Sanchez Vicario, Graf Pave Way For Colossal Final

Robin Finn New York Times

The favorites punched in, the challengers punched out; the two leading ladies of tennis prefer not to have it any other way.

Arantxa Sanchez Vicario, the French Open’s business-like defending champion, and Steffi Graf, a three-time champion fixated on ending her yearlong Grand Slam drought where in 1987 she claimed the first of 15 Slam crowns, once again had their way on the clay.

“I’m absolutely ready for it,” Graf said of the prospect of a rematch with the woman who took away her 1994 United States Open title the last time they tangled and has twice prevented her from defending titles here.

The duo, already in a tussle over the No. 1 ranking, Thursday earned the right to fight to the finish at the French Open after muscling their way through two distinctly different semifinals.

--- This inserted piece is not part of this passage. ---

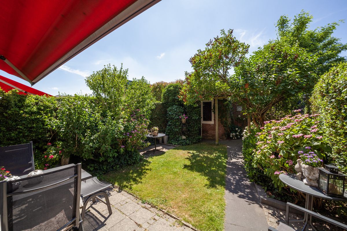 De achtertuin is circa 10 meter diep en 6 meter breed, gelegen op het zuidwesten — heerlijk zonnig dus! De tuin is keurig aangelegd en beschikt over een stenen berging met elektra.

Graf, who sent out for some restorative bananas midway through the third set, clawed a meandering path into her seventh final here by defeating the fourth-seeded Conchita Martinez, 6-3, 6-7 (4-7), 6-3. Their 2-hour-33-minute confrontation pitted the German’s powerful serve-and-forehand combination against the mixed bag of playmaking the Spaniard has used with increasing proficiency since winning her first Grand Slam title last year on unlikely territory at Wimbledon.

“Today, my balls were too short, and she was on top of them with her forehand, and I’m sure she has, if not the best serve on the tour, one of the best, and it’s quite difficult to return it,” said Martinez, who converted just 5 of the 17 break points she earned against Graf’s backup weapon.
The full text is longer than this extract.